Quick Start · Architecture · Usage · 中文文档
ReIN is an open-source agentic coding runtime that implements a complete harness architecture — the control plane that orchestrates LLM calls, tool execution, hook lifecycle, permission control, and plugin systems.
It supports both Anthropic Claude (cloud) and local LLMs (Ollama, LM Studio, llama.cpp, vLLM) for fully offline operation.
Why ReIN?
Rein (n.) — a strap fastened to a bit, used to guide a horse. In software, the harness that guides an AI agent: intercepting, evaluating, executing, and extending every action it takes.
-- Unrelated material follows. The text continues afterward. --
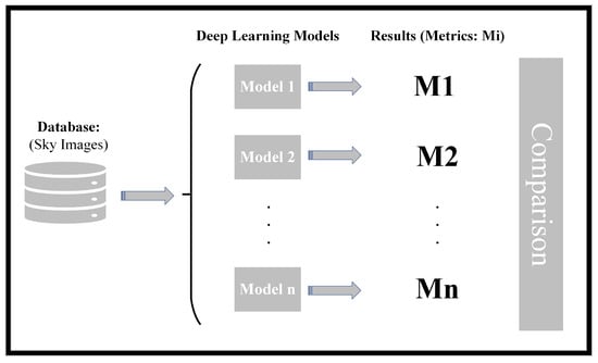 As outlined, the first step involved creating a database comprising images depicting various sky conditions for the study. During this process, the samples were labeled according to different types of cloud cover. Once the database was established, various classification models were implemented. Subsequently, the samples were fed into these models for classification. The classification results were then assessed using different metrics to evaluate the performance of each implemented model. Finally, a comparison of the different models utilized in this study was conducted, based on the outcomes reflected by these model evaluation metrics.
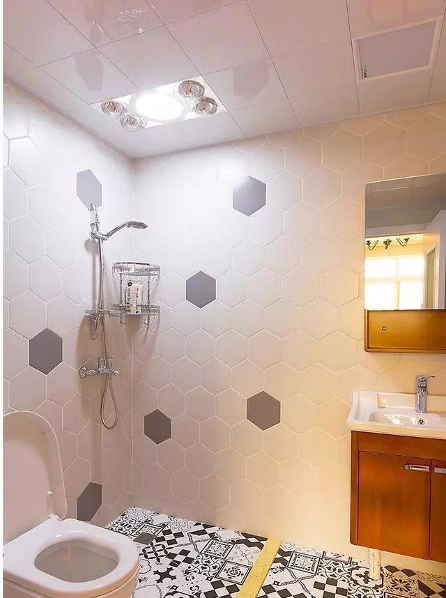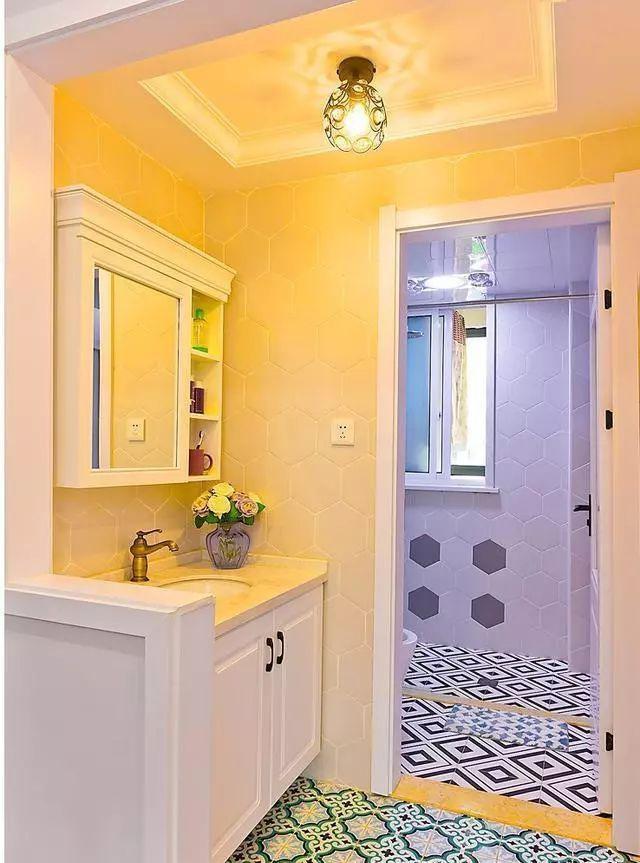 衛生間把洗手臺裝在了外面,地面花磚圖案不一也體現了區域的劃分。

Most agentic coding tools are closed-source black boxes. ReIN opens up the full runtime:
- See exactly how LLM tool calls are orchestrated
- Hook into every lifecycle event (PreToolUse, PostToolUse, Stop, etc.)
- Control permissions at 5 layers (admin → user → project → command → hook)
- Extend with plugins (commands, agents, skills, hooks, MCP)
- Run offline with any local model — no API key needed
Quick Start
Prerequisites
- Python 3.11+
- An LLM backend (choose one):
Install
git clone https://github.com/BDeMo/ReIN.git
cd ReIN
pip install -r requirements.txt
Run
# Cloud mode (Anthropic Claude)
export ANTHROPIC_API_KEY=sk-ant-xxx
python -m rein direct
# Fully offline (Ollama)
ollama pull qwen2.5-coder:7b
python -m rein direct --local
# Custom local server (LM Studio / llama.cpp / vLLM)
python -m rein direct --local --local-url http://localhost:1234/v1 --local-model my-model
Architecture
rein/
├── core/
│ ├── harness.py Core orchestrator — the heart of ReIN
│ ├── config.py Multi-layer settings hierarchy
│ └── conversation.py Session and message management
├── llm/
│ ├── provider.py Abstract LLM interface
│ ├── anthropic_llm.py Anthropic Claude (streaming + tool use)
│ └── local_llm.py Local LLM (Ollama / LM Studio / llama.cpp / vLLM)
├── tools/
│ ├── registry.py Tool registry and base class
│ ├── file_tools.py Read / Write / Edit
│ ├── bash_tool.py Bash with command filtering and security
│ └── search_tools.py Grep / Glob
├── hooks/
│ ├── engine.py Hook execution engine (command + prompt based)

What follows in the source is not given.